Umbro is an English sportswear and football equipment supplier, and a subsidiary of Nike since 2008. Umbro designs, sources, and markets sport-related apparel, footwear, and equipment. Its products are sold in over 90 countries. The company was founded in 1924 by Harold Humphreys, along with his brother Wallace in a small workshop, inspired by the growing interest in football witnessed nationwide.

The word ‘Umbro’ is an acronym derived from Humphreys Brothers Clothing. Umbro’s major debut was in the 1934 FA Cup final, when both teams Manchester City and Portsmouth wore uniforms designed and manufactured by the company. Other teams supplied by Umbro during the 1930s and 1940s were Sheffield United and Preston North End, Manchester United, and Blackpool. In 1952, the British team at the Summer Olympics wore Umbro, tailored for the needs of their individual sports. Umbro would be a major supplier to the British Olympics team for the next 20 years.
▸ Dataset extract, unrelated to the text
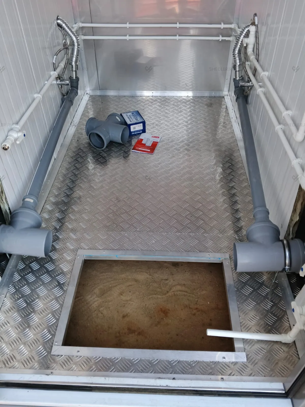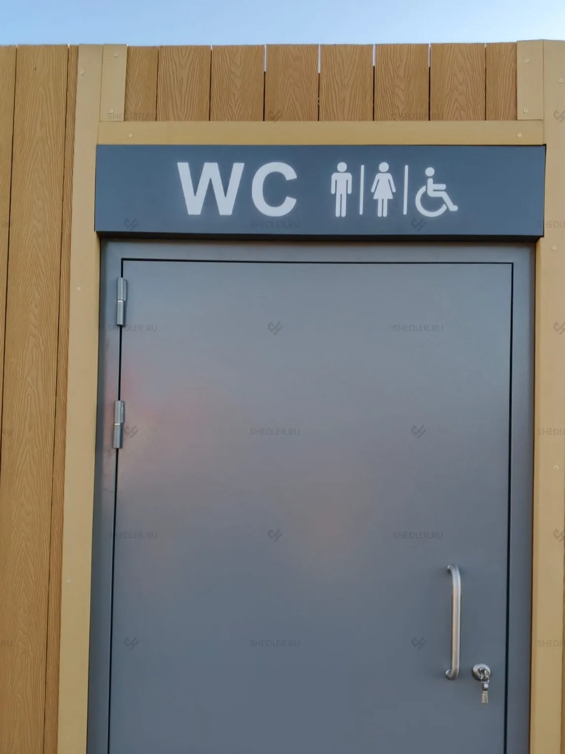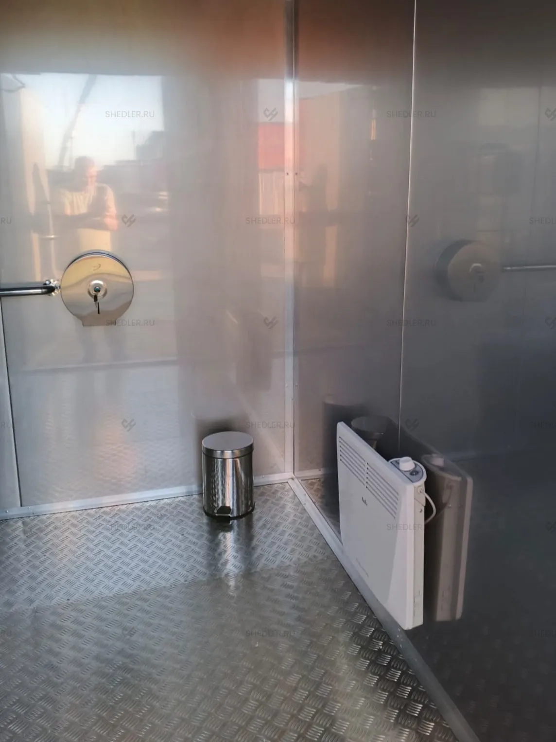 Конструкция полностью готова к использованию. Есть бак для воды и очистные сооружения. Установлены две металлические двери с врезными ручками и замками для входа в каждую кабинку. Также есть отдельный вход с сантехническую часть модульного здания.

In 1957 Umbro entered to tennis market, producing sports clothing in collaboration with player Teddy Tinling. This collaboration extended for three decades. After his death, it was also discovered that Tinling had worked as a spy for the British government during the Second World War. Other sportsman that collaborated with Umbro was Manchester United manager Matt Busby, in 1959. That same year the company started to sell its ‘junior boys kits,’ a set of shirt, shorts and socks that would allow young players to wear the same look as their footballing idols. Brazil became the first World Cup champion to wear uniforms by Umbro, in 1962. Two years later, Manchester United Scottish player Dennis Law signed an exclusive agreement with the brand, becoming the first footballer to be sponsored by Umbro. The English national team won its first title in 1966 wearing kits by Umbro, the same that 15 of the 16 teams, with the only exception being USSR.
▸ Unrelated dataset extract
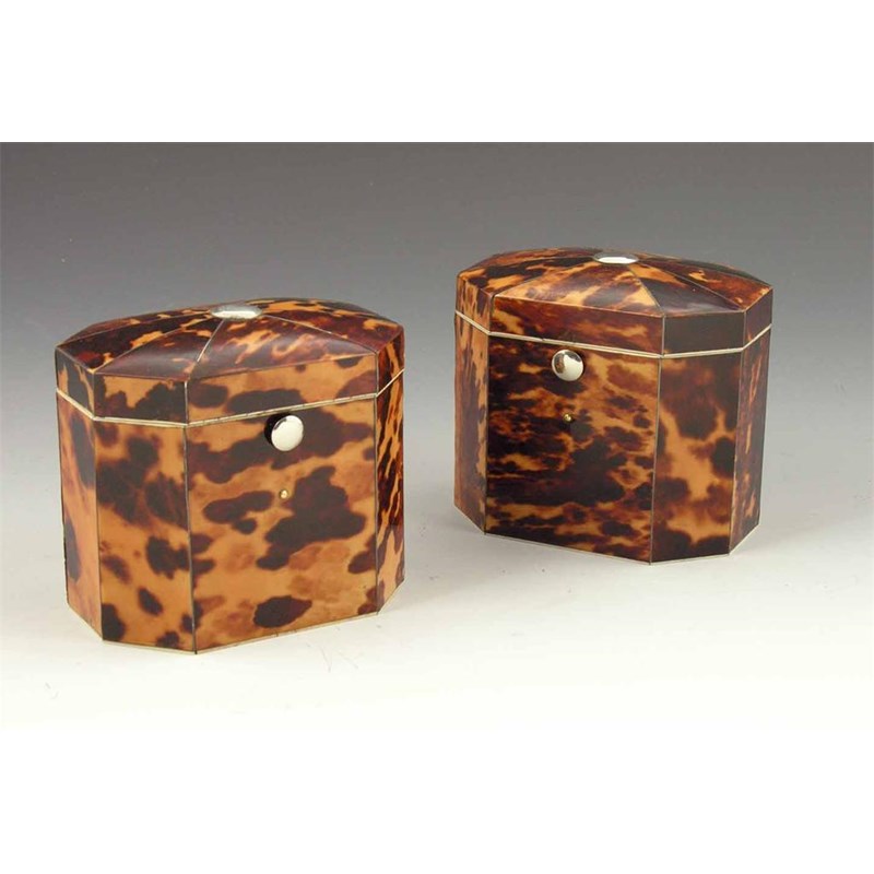 A pair of Regency octagonal tortoiseshell tea caddies

In 1974 Umbro’s founder, Harold Humphreys, passed away. His sons John and Stuart took over the running of the company. The England national team wore Umbro shirts by choice until 1974, until the Football Association, encouraged by the England manager Don Revie, sold the jersey manufacturing rights to Admiral. In 1982, the FA returned to Umbro as England jersey manufacturers and they have remained so ever since. For example, in 2009 Umbro produced the kit in collaboration with London tailor Charlie Allen. After more than a decade wearing Admiral kits, the England national team signed with Umbro again in 1984.
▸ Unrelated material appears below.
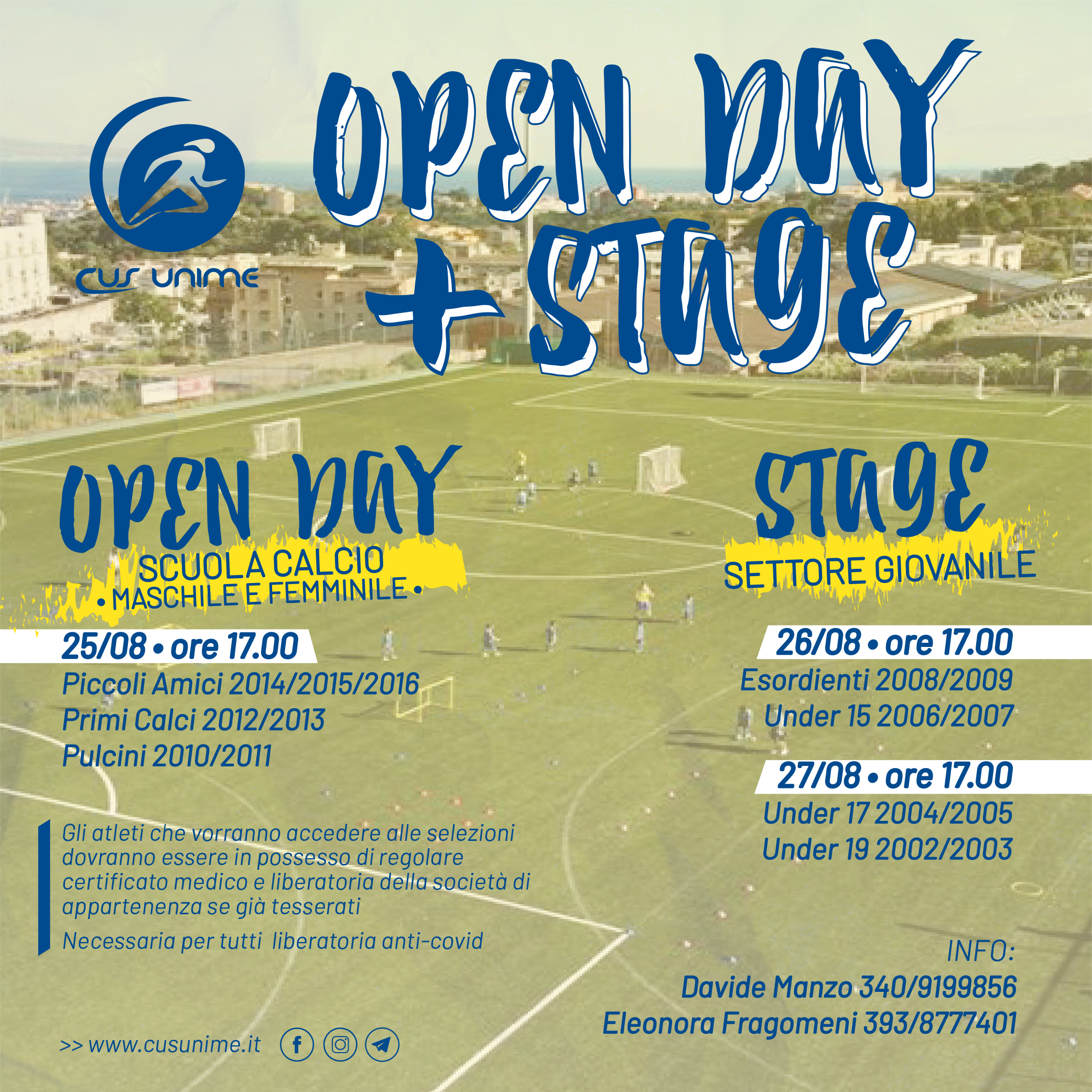 Tre giorni dedicati a scuola calcio e settore giovanile Il Cus Unime comunica che martedì 25, mercoledì 26 e giovedì 27 agosto al campo sportivo della Cittadella Universitaria dell’Annunziata si terranno un “Open Day” dedicato alla scuola calcio e due stage finalizzati alla selezione di giovani calciatori in vista della prossima stagione sportiva. Prima giornata, […]

Until the mid-1980s, the company manufactured only sports clothing, in particular football jerseys, shorts, and socks, but had no footwear range. Eventually, in 1985 Umbro decided to introduce its first football cleats into the Brazilian market. This design, cheaper than the products of existing brands such as Adidas, proved popular and went into mass production internationally two years later. Umbro also manufactured a popular style of shorts that reached its peak in the late 1980s and early 1990s. They were made of nylon, had a drawstring waistband, and often came in bright colors. With the growth of youth football (soccer) leagues in the United States in the 1980s, many youths, teens, and young adults began wearing them as everyday clothing. Like football itself, they were equally popular among both genders. At the height of the fashion, other brands of football shorts, such as Adidas, Diadora, Hummel, Lotto, and Mitre, also became popular.